"El mantığı" dinlerin ana başlangıç ilkesiydi. Dinler, değişmez bir köleci biçimleniş mantığını esas alıyordu. Ve köleci yapının öğretisi olarak sürecine başlıyordu. Sonradan da kendisinin bile hesap etmediği kulvarlar alanında da boy göstermekle hayatın her alanını düzenleme ihsası içinde oldu.
Bu tür gelişme bile bunun ne güçlü bir kontrol mekanizması olduğunu açık seçik ortaya koymaktadır. Tüm dinler El mantıklı başlangıç ilkesini kendisine "kader (fatalite) öğretisi" olmakla biçimlediler.
Bir zamanlar yeryüzünde otuz beş bin El yapılı biçimlenme ve El yapılı ahit sözleşmeli El ya da din öğretisi olduğuna bakınca buna şaşmamak gerekirdi. Bu öğretilerin entegrasyonu günümüz dinlerinin gerçeğiydi.
Dinler onca sürtüşme ve çelişme ve çatışmacı ruhuna rağmen kontrolce mekanizmalar entegrasyonlu oligarşi içindeydi. Oligarşin düzenlemeleriyle, yeryüzü coğrafyalı diğer sosyo toplumsa alanlar üzerine doğru (âlemlere doğru) yayıldı. Dinler bu yayılmacı ihsasın "altın çağını" yaşayacaklardı.
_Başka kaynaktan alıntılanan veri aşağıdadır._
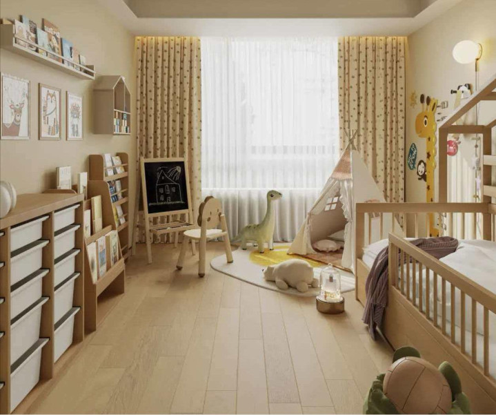 成长需迭代: 所以需要预留可变的空间。今天是爬行垫,明天就是学习桌;充足的收纳空间,来容纳他无穷无尽的玩具、书籍;如果还能有一面随意涂画的黑板墙,会比任何奢华装饰都更受孩子欢迎。
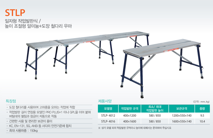 - KC, EN-131, SG, ANSI 등 사다리 안전기준에 합치
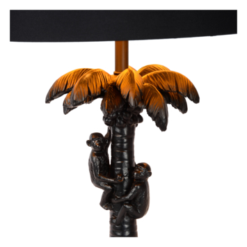 Een functionele tafellamp combineren met een speels, extravagant interieuraccent? Extravaganza Coconut doet het voor jou. Onder de klassiek ogende katoenen lampenkap speelt zich een exotisch tafereel af. Twee chimpanzees klimmen er in een palmboom. De ene plukt gretig kokosnoten terwijl de andere, kleinere aap goedkeurend toekijkt. De kruin van de boom wordt extra uitgelicht door de lamp, die haar licht difuus verspreidt. Het kunststof armatuur is een halve meter hoog en is compatibel met een ledlamp. Het licht aan en uit schakelen doe je eenvoudig met de schakelaar op het snoer. Geniet van het schouwspel en van de nieuwe blikvanger in je interieur.

Oligarşin sahiplerin ve iradelerin yeryüzü âlemine doğru yayılan bir sömürü tamahları olmasaydı oligarşi tevhidi içinde entegre olmuş dinleri de göremeyecektiniz. Son iki ana dinin biçimlendiği temel zemin üzerindeki üreten alan ilişkisi, feodal düzendi. Yani feodaliteydi. Feodal düzen, büyük çiftlik sahiplikleri olan vassallerle, latifundialarla ve oluşan banker burjuvalarla büyük bir dönüşüm içine girmişti.
Manifaktür üretim sisteminin kullanıldığı büyük toprak işletmeciliği olan feodal sahiplik; latifundiya ya da vassal sahiplikler; küçük toprak sahibi iradelerle ve köle sahibi feodallerle para adamlığı olan yeni sınıf burjuvalarla savaşıyordu. Lümpen sınıf din adamlarının karşı olacağı faiz, kira, rant sınıfı bunlardı.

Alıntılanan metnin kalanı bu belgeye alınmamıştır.